When decisive multilateral action stalls, the junta itself can outlast condemnation. Annual monitoring shows that detention, attacks on religious sites and the obstruction of aid continues despite years of international concern. Humanitarian obstruction remains a central tool of control. The USCIRF states that the military has blocked or prohibited critical aid from reaching displaced people, worsening their suffering and vulnerability —especially for minorities. All my life I have said that if a person is denied their human rights, they are also denied their religious viewpoint, and if they are denied their religious viewpoint, their human rights are also denied.
The question is: what should be done and what can realistically be done? We cannot solve all the problems of the world—if only we could—but the bit that we can do, we should do. In the immediate term, civilians and places of worship must be protected. Humanitarian aid must be allowed to reach those in need. I am sure that the Minister will be able to confirm where, or if, that is happening. I ask that the Foreign Office tie the substantial funding that we give to Myanmar to the principle of freedom of religion or belief. The UK has provided over £190 million for aid, healthcare and civil society since the 2021 coup, including some £66.45 million in the financial year 2024-25 alone. That was boosted by £10 million for the 2025 earthquake, with further funds for the refugee crisis—always with enhanced due diligence to avoid the military regime benefiting. We must leverage our goodness to them and ensure their goodness to their own.

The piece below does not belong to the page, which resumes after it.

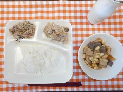 豚肉のごまだれ焼きは、豚肉としめじ、たまねぎに下味(ねりごま・砂糖・みりん・濃口しょうゆ)をつけて焼き物機で焼きます。豚肉の油が程よく残り、ごまの旨みが感じられる献立でした。大豆の煮ものは、レンコンやニンジンなどの根菜とこんにゃく、昆布などが入ったヘルシーな煮物でした。大豆の甘みがちょうどよくとてもおいしく仕上がっていました。切り干し大根のしそ甘酢づけは、赤紫蘇の味と香りが爽やかで、煮物とは一味違うおいしさが感じられました。これから気温がどんどん低くなっていきます。今日の献立にあるような根菜をたっぷり食べると身体が温まるようです。健康に良いものを多く摂りたいですね。今日もおいしくいただきました。ごちそうさま!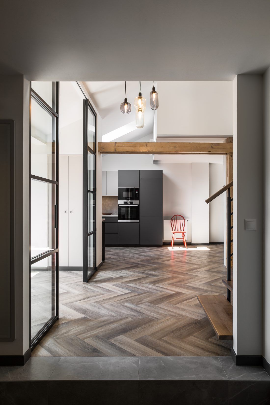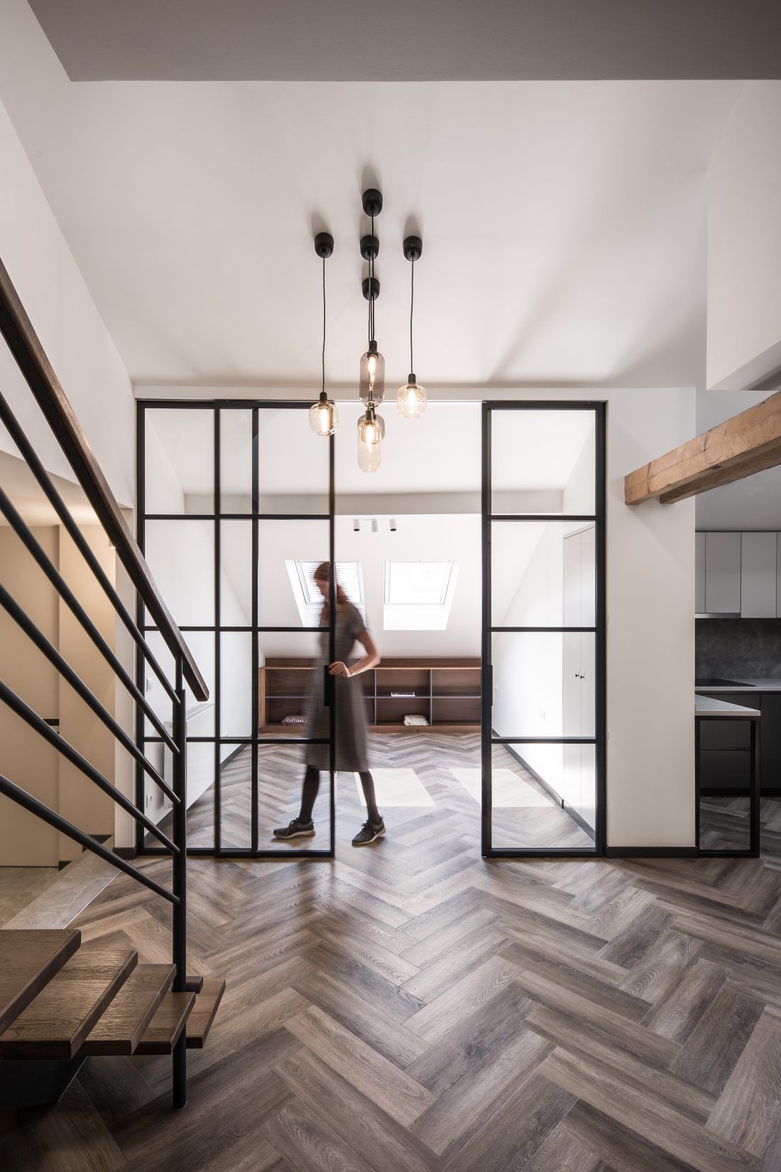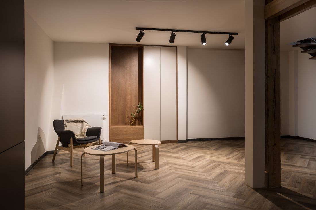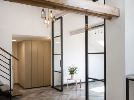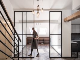 Díky zbrusu nové obnově získalo přízemí mezonetu nové světlo. Architekti ze Studia Acht totiž do spodního pokoje umístili celoskleněné stěny s posuvnými dveřmi, které vytváří dokonalý předěl mezi kuchyní, pokojem a vstupní halou. Také kuchyň získala nové světlo, a to díky střešnímu oknu. Po zbourání sádrokartonových příček se projektantům naskytl vzdušný prostor, který proměnil celkový charakter mezonetu. Vznikl tak prostorný obývací pokoj. K celkovému rázu interiéru se dokonale hodí přiznané dřevěné trámy a odhalená část krovu. Celkově prostředí dávají příjemnou atmosféru vhodně zvolené pastelové barvy v kombinaci s černou.

In the medium term, the international community must constrain the junta’s capacity to wage war, including through air power, and strengthen evidence gathering and accountability mechanisms. Those who carry out abysmal and despicable crimes need to be made accountable, and the evidence needs to be gathered and made ready so that we can at some stage hold them accountable. Diplomacy can be a mighty tool and I believe that we can do more.
In the long term, there can be no durable peace without an inclusive settlement in which citizenship and equality are restored—especially for the Rohingya—so that freedom of religion or belief is protected by law, not dependent on good will or military discretion. For many years, the House has repeatedly raised concerns about freedom of religion or belief and wider human rights abuses in Myanmar. The question now is whether our actions match the scale of the crisis.
I have a number of questions for the Minister. First, will the Government commit to regular, published assessments of freedom of religion or belief and human rights in Myanmar, using independent monitoring benchmarks? It is really important that we have an independent body that is able to assess what is happening in Myanmar specifically. Through that, we will be able to gauge whether persecution is decreasing, or if there is any more action that we could take.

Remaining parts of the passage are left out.